Couper trois millimètres à partir de l’extrémité d’une pointe de pipette de 200 microlitres pour élargir l’ouverture. Avec la pointe de pipette coupée, resuspendez la pastille dans 80 microlitres de solution de saccharose molaire de 0,1 par pipetting de haut en bas. Laissez reposer la suspension cellulaire à température ambiante pendant trois minutes.
Ensuite, avec une pointe de pipette, enduire une diapositive de 100 microlitres de 1% de formaldéhyde avec 0,15%Triton X-100. Ajouter ensuite 18 microlitres de la suspension de cellules saccharose sur le centre de la glissière en ligne droite perpendiculaire au long bord. Inclinez la glissière d’avant en arrière pour faciliter la propagation de la suspension cellulaire à tous les coins.
Placez les glissières à plat dans une chambre d’humidité ouverte légèrement fissurée pour empêcher la solution de formaldéhyde de sécher. Placez la chambre d’humidité dans un tiroir sombre pendant la nuit. Le matin, retirez le couvercle de la chambre d’humidité et laissez sécher complètement les glissières.
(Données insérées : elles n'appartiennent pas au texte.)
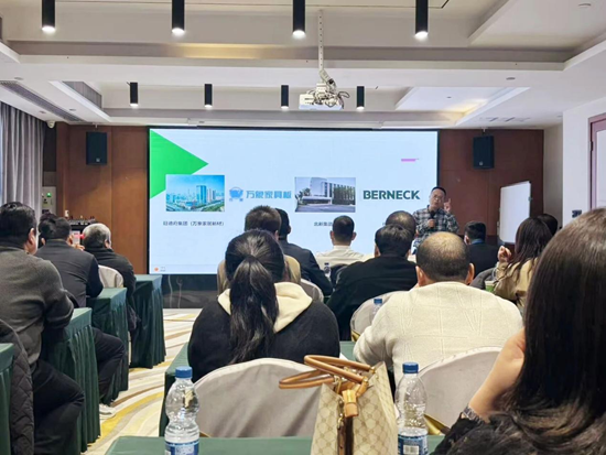 万象板材省外加盟中心长江以北战区经理李毅先生随后登台,聚焦全新推出的万象博耐克系列产品展开专业分享。针对产品研发理念、核心材质优势、环保性能指标、适用场景拓展等维度进行全方位解析,让在场渠道伙伴深入了解新品的差异化亮点与市场竞争潜力。

Placez les glissières dans un bocal de coplin, puis remplissez le pot de coplin d’eau distillée. Incuber pendant cinq minutes avec des secousses douces à température ambiante. Verser l’eau et remplir le bocal d’un à 250 agents mouillants.
Lavez-les deux fois pendant cinq minutes chacun avec des secousses douces à température ambiante. Laissez sécher complètement les glissières et conservez-les à moins 20 degrés Celsius jusqu’à ce qu’elles soient tachées. Ce protocole décrit une méthode pour préparer et visualiser la propagation des spermatozoïdes du poisson zèbre qui donne des noyaux non superposés bien répandus.
Les panneaux sur la gauche montrent trois étapes de prophase méiotique, leptotene, zygotène tôt, et pachytene. Les télomères étaient des magenta tachés pour chaque étape. Un exemple de propagations de mauvaise qualité en raison de traitements DNase I insuffisants sont montrés ici.
Les chromosomes méiotiques tachés pour SYCP3 indiquent des noyaux qui se chevauchent en raison d’une suspension visqueuse des cellules saccharose qui empêche les cellules de se propager correctement sur la lame. Il est très important de commencer avec la quantité correcte de matériel de départ, traiter les testicules de poisson zèbre pour la quantité appropriée de temps dans la trypsine, et d’effectuer le nombre nécessaire de traitements DNase I que l’échec de le faire peut conduire à très peu de noyaux ou de noyaux agglutinés. Le PPE approprié doit toujours être porté en travaillant avec le formaldéhyde.
Après la procédure de propagation, les chromosomes peuvent être tachés pour visualiser diverses structures chromosomiques ainsi que des ruptures à double brin pour analyser la dépendance au moment et la localisation des événements méiotiques. Notre technique a ouvert la voie pour montrer que le poisson zèbre peut être un meilleur modèle de spermatogenèse humaine que la souris basée sur les caractéristiques chromosomiques et le bouquet de télomères.